Omit every picture, then give all the entries again exactly.
━━━━━ Available records ━━━━━
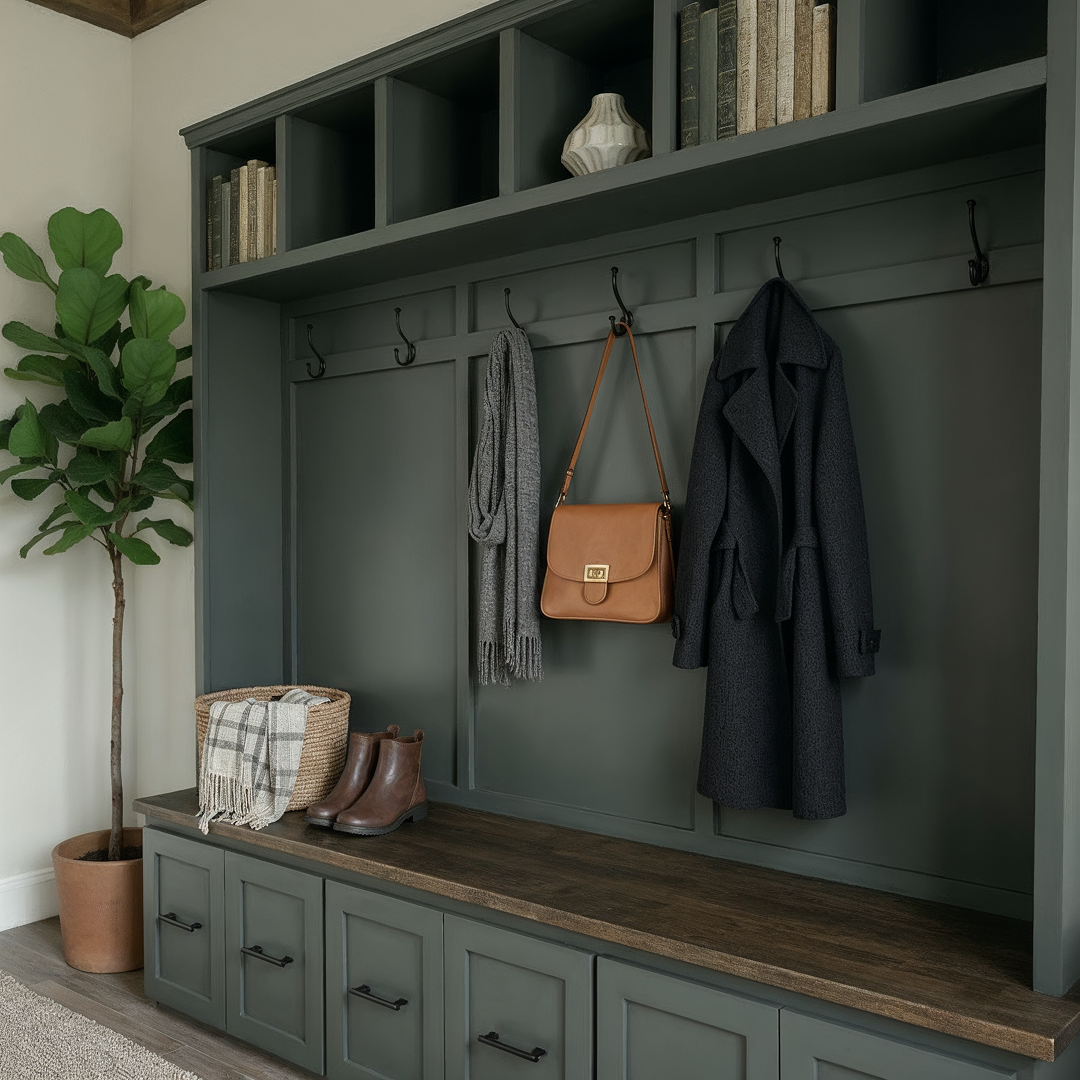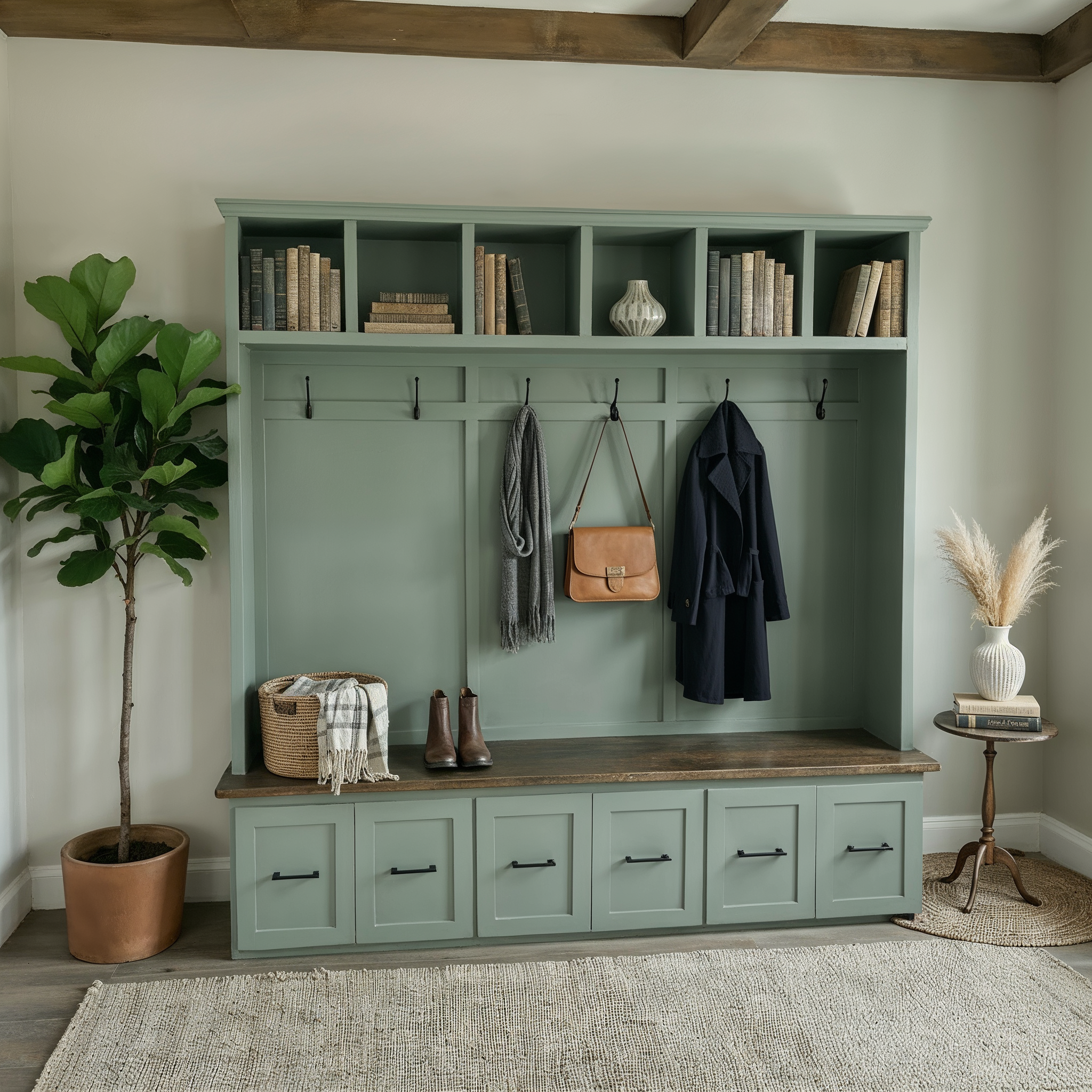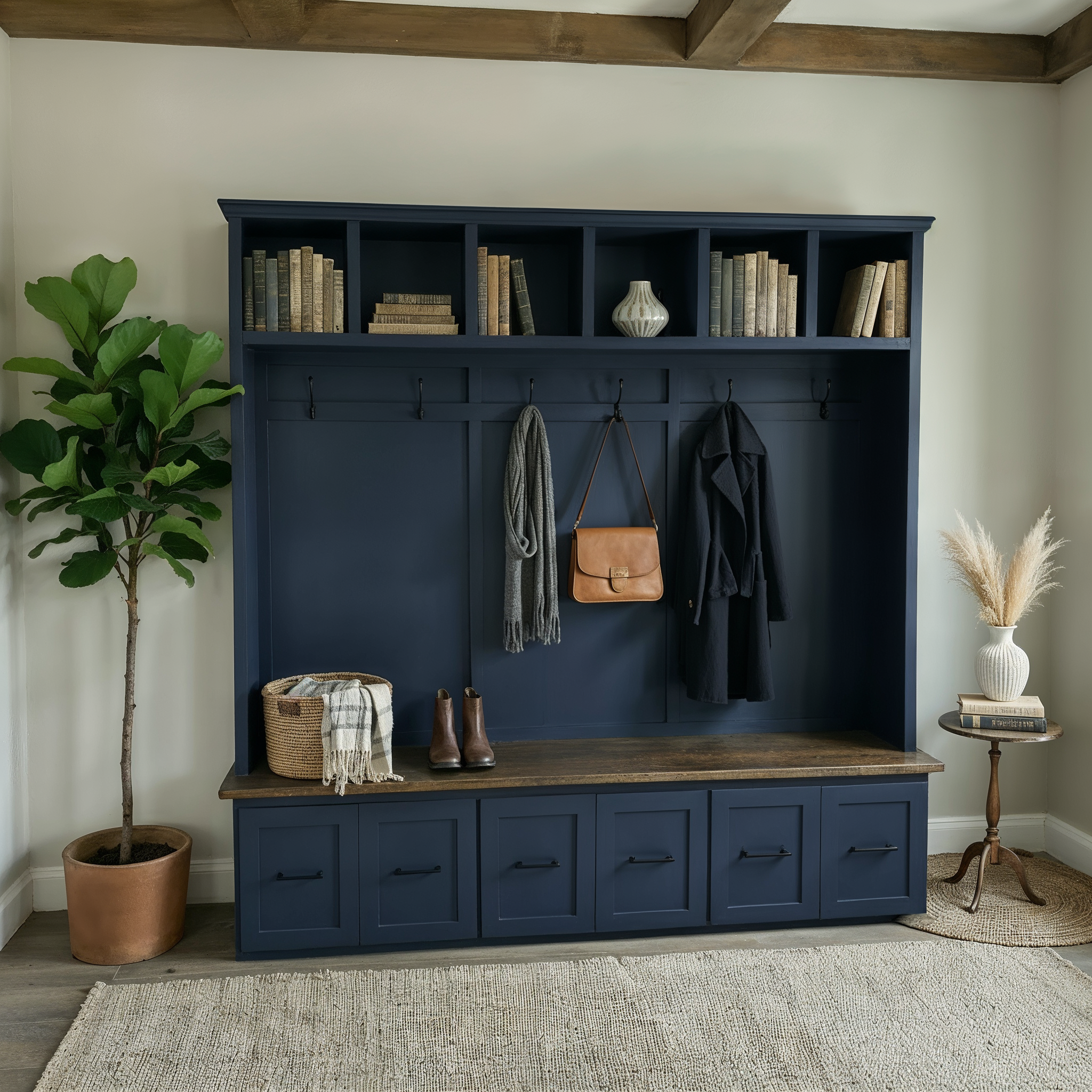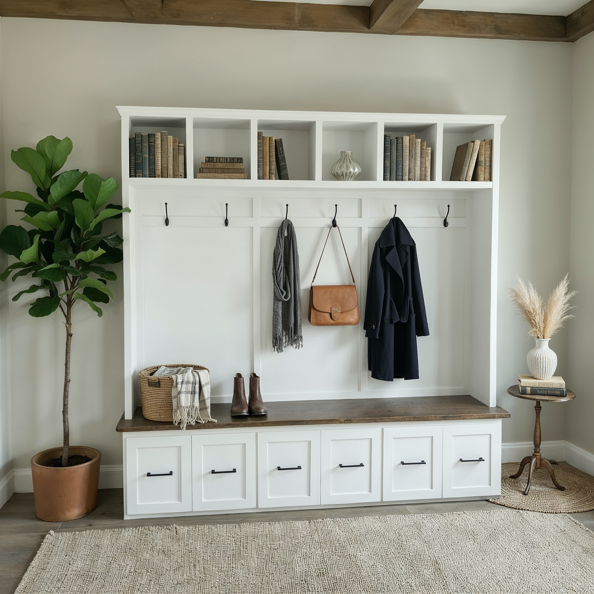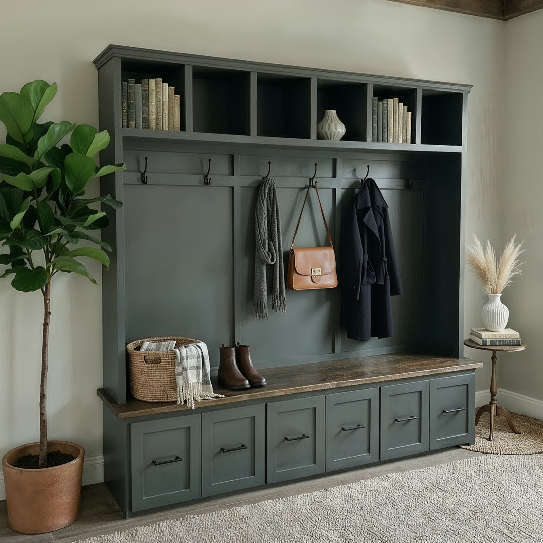 This hall tree offers a sophisticated and practical solution for organizing your entryway with timeless farmhouse appeal. Each piece is handmade by our own craftsmen using domestic hardwood faceframe material and cabinet plywood. Hidden behind the doors and drawers you will find ample space to store your family's bags, coats, shoes, hats, scarves and more.
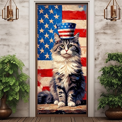 Decorazioni per porte del 4 luglio Coperture per porte Giorno dell'Indipendenza Americano Patriottico Insegna d'Entrata Tenda Decorativa per Porte Striscione per Porte Anteriori di Casa di Campagna
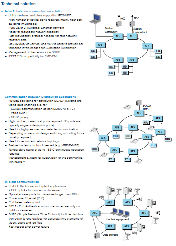Substation automation low latency, high availability, IEC61850 compatibility, anti electromagnetic interference pure L2 switching network, redundant topology, multi-mode optical ports as the main, QoS/VLAN enabled, SNMP management supported, GOOSE message and sampling value transmission supported
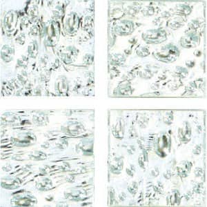 Мозаика серии Gold & Mirrore серебряного цвета с рисунком, напоминающий капли воды. Материал - стекло, с нанесенным на поверхность слоем, имитирующим серебро. Мозаика имеет площадь чипов 25x25мм, приблизительную толщину 4мм, к задней части мозаики прикреплена сетка размером 300х300 мм. Идеально вписывается как деталь интерьера в жилые помещения, центры досуга и отдыха.
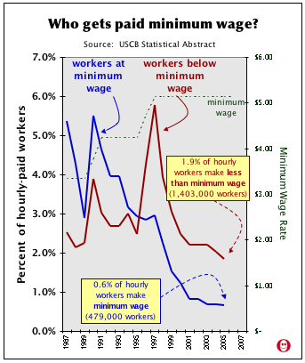 The last graph proves my point perfectly? States with higher than Federal min wage have less workers who make min wage than states that use the Federal min as standard.
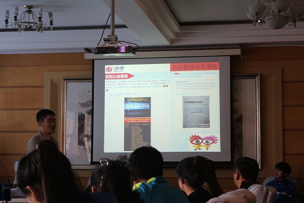 董自山经理与大家交流了自己在工作中总结的关于运用微博媒体积极探索高校团学工作的探索和思考,分析了高校微博应用现状、高校微博运营策略,结合生动应用案例分析演练,提出在运用新媒体开展工作要注意把握“四项原则”,即常态化、规范化、创新性和实效性;要坚持“一条底线”,即正确的政治方向,两个“先进性”,即内容的先进性、技术的先进性,做到“三贴近”,即贴近学生、贴近生活、贴近实际,并注意做到“四个结合”:“趋利”与“避害”、“监控”与“引导、“教育”和“服务”、“网上”与“网下”相结合,为全体与会人员上了一堂生动的新媒体育人现场指导课。
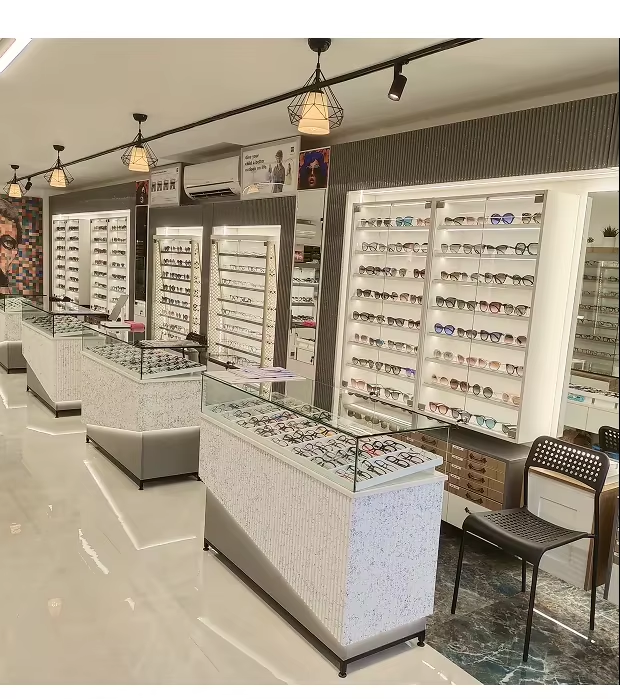 Conception intérieure personnalisée pour showroom optique : Aménagement élégant et fonctionnel pour magasin de lunettes, éclairage intelligent, mobilier d'exposition pour montures.
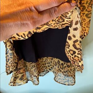 Jessica, Petite, Size 4, 100% polyester, under lined layer os black with the tiger patter at the bottom with the top layer being the tiger pattern. This dress looks really cute on and is comfortable. It no longer fits me so it’s time to let it go.
━━━━━
> **Answer to the problem**:
 This hall tree offers a sophisticated and practical solution for organizing your entryway with timeless farmhouse appeal. Each piece is handmade by our own craftsmen using domestic hardwood faceframe material and cabinet plywood. Hidden behind the doors and drawers you will find ample space to store your family's bags, coats, shoes, hats, scarves and more.
 Decorazioni per porte del 4 luglio Coperture per porte Giorno dell'Indipendenza Americano Patriottico Insegna d'Entrata Tenda Decorativa per Porte Striscione per Porte Anteriori di Casa di Campagna
Substation automation low latency, high availability, IEC61850 compatibility, anti electromagnetic interference pure L2 switching network, redundant topology, multi-mode optical ports as the main, QoS/VLAN enabled, SNMP management supported, GOOSE message and sampling value transmission supported
 Мозаика серии Gold & Mirrore серебряного цвета с рисунком, напоминающий капли воды. Материал - стекло, с нанесенным на поверхность слоем, имитирующим серебро. Мозаика имеет площадь чипов 25x25мм, приблизительную толщину 4мм, к задней части мозаики прикреплена сетка размером 300х300 мм. Идеально вписывается как деталь интерьера в жилые помещения, центры досуга и отдыха.
 The last graph proves my point perfectly? States with higher than Federal min wage have less workers who make min wage than states that use the Federal min as standard.
 董自山经理与大家交流了自己在工作中总结的关于运用微博媒体积极探索高校团学工作的探索和思考,分析了高校微博应用现状、高校微博运营策略,结合生动应用案例分析演练,提出在运用新媒体开展工作要注意把握“四项原则”,即常态化、规范化、创新性和实效性;要坚持“一条底线”,即正确的政治方向,两个“先进性”,即内容的先进性、技术的先进性,做到“三贴近”,即贴近学生、贴近生活、贴近实际,并注意做到“四个结合”:“趋利”与“避害”、“监控”与“引导、“教育”和“服务”、“网上”与“网下”相结合,为全体与会人员上了一堂生动的新媒体育人现场指导课。
 Conception intérieure personnalisée pour showroom optique : Aménagement élégant et fonctionnel pour magasin de lunettes, éclairage intelligent, mobilier d'exposition pour montures.
 Jessica, Petite, Size 4, 100% polyester, under lined layer os black with the tiger patter at the bottom with the top layer being the tiger pattern. This dress looks really cute on and is comfortable. It no longer fits me so it’s time to let it go.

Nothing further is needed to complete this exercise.